- WORK REQUIRED
Reproduce only the lines that begin at the line with "You’ll then be" and run to the end of the entries; omit every picture.

- EXTRACTED MATERIAL
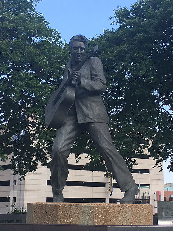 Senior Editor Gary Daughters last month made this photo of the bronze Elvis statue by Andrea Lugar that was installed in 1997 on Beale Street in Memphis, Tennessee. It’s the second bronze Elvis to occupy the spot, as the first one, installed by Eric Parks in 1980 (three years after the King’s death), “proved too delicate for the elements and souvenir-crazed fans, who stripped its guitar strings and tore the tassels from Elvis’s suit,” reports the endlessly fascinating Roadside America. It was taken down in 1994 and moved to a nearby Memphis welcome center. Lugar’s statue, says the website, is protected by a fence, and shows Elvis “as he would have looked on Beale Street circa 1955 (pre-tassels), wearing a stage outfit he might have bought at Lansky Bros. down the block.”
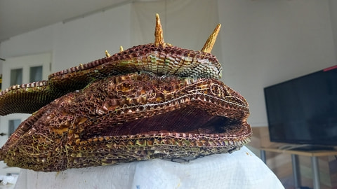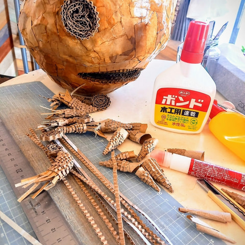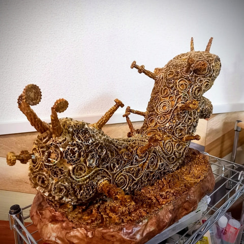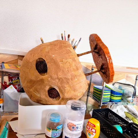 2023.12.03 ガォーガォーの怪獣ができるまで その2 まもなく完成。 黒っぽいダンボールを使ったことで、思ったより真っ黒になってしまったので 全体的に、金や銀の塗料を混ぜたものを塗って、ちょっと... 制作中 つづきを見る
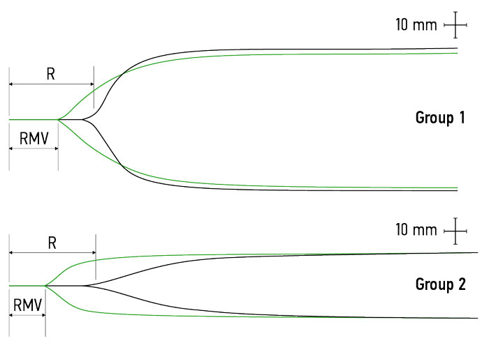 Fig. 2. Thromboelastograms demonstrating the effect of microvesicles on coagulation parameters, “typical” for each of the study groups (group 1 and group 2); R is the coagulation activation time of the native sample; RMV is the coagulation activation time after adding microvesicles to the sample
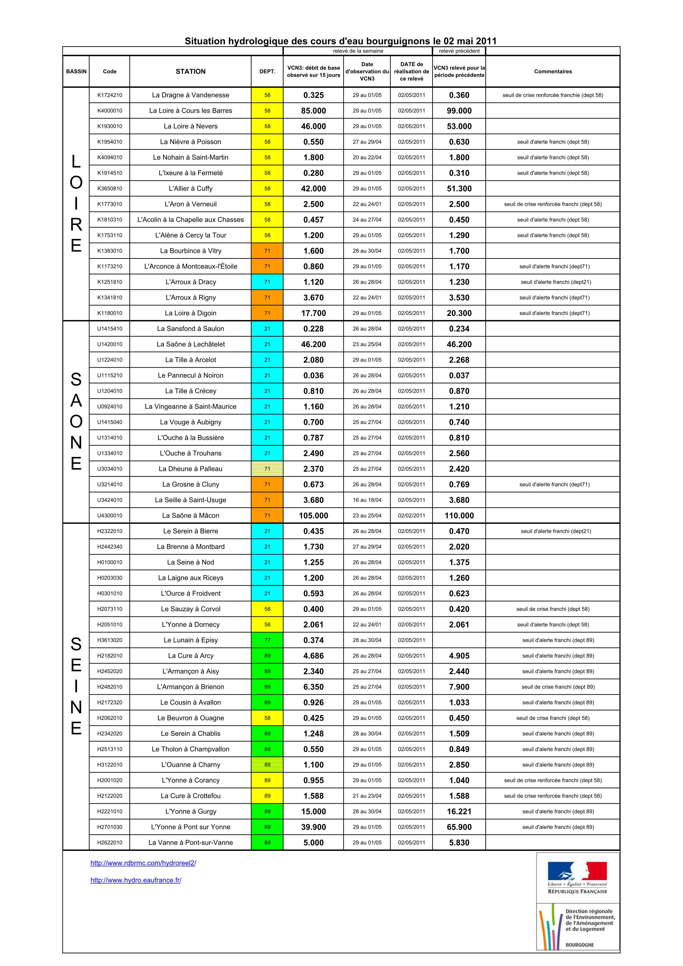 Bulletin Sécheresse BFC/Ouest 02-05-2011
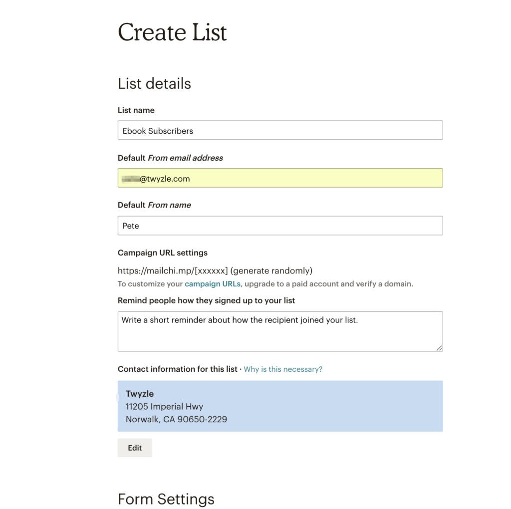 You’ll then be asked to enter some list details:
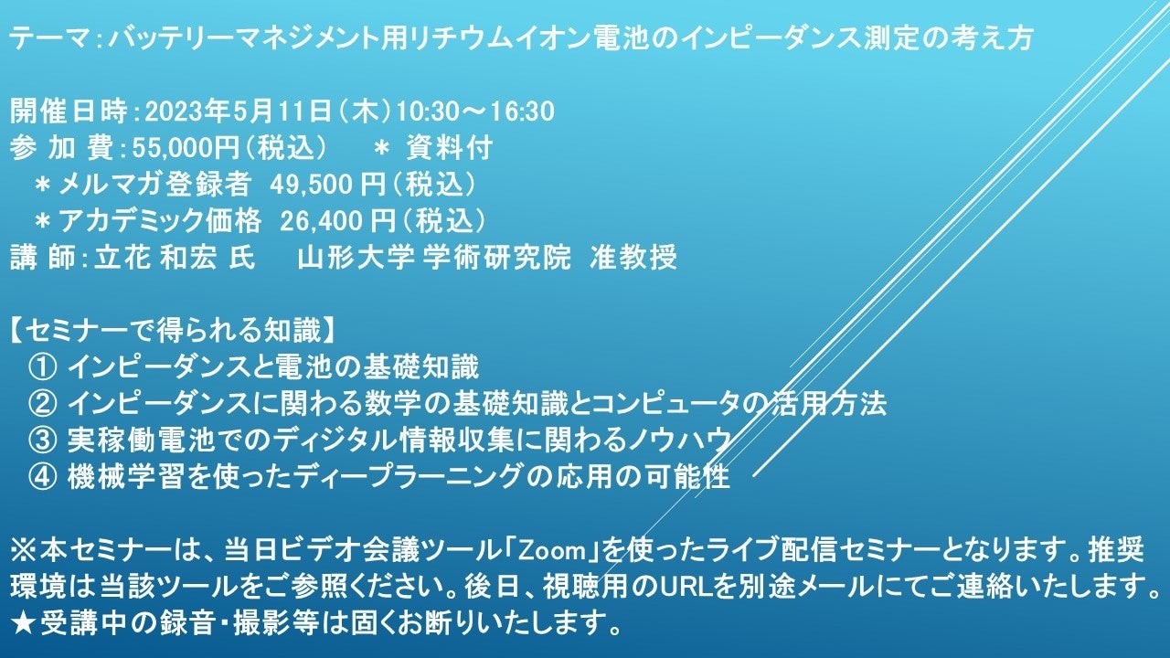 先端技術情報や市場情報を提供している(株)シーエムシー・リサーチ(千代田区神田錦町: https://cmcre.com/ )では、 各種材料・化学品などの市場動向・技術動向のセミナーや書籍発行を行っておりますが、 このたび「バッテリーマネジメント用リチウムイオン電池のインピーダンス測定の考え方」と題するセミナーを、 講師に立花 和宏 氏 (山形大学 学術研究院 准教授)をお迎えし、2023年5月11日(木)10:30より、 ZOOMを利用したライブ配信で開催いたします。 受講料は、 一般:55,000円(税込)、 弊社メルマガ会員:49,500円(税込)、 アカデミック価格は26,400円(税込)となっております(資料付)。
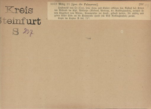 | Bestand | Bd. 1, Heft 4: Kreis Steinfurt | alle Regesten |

- ANSWER TO THE PROBLEM
 You’ll then be asked to enter some list details:
 先端技術情報や市場情報を提供している(株)シーエムシー・リサーチ(千代田区神田錦町: https://cmcre.com/ )では、 各種材料・化学品などの市場動向・技術動向のセミナーや書籍発行を行っておりますが、 このたび「バッテリーマネジメント用リチウムイオン電池のインピーダンス測定の考え方」と題するセミナーを、 講師に立花 和宏 氏 (山形大学 学術研究院 准教授)をお迎えし、2023年5月11日(木)10:30より、 ZOOMを利用したライブ配信で開催いたします。 受講料は、 一般:55,000円(税込)、 弊社メルマガ会員:49,500円(税込)、 アカデミック価格は26,400円(税込)となっております(資料付)。
 | Bestand | Bd. 1, Heft 4: Kreis Steinfurt | alle Regesten |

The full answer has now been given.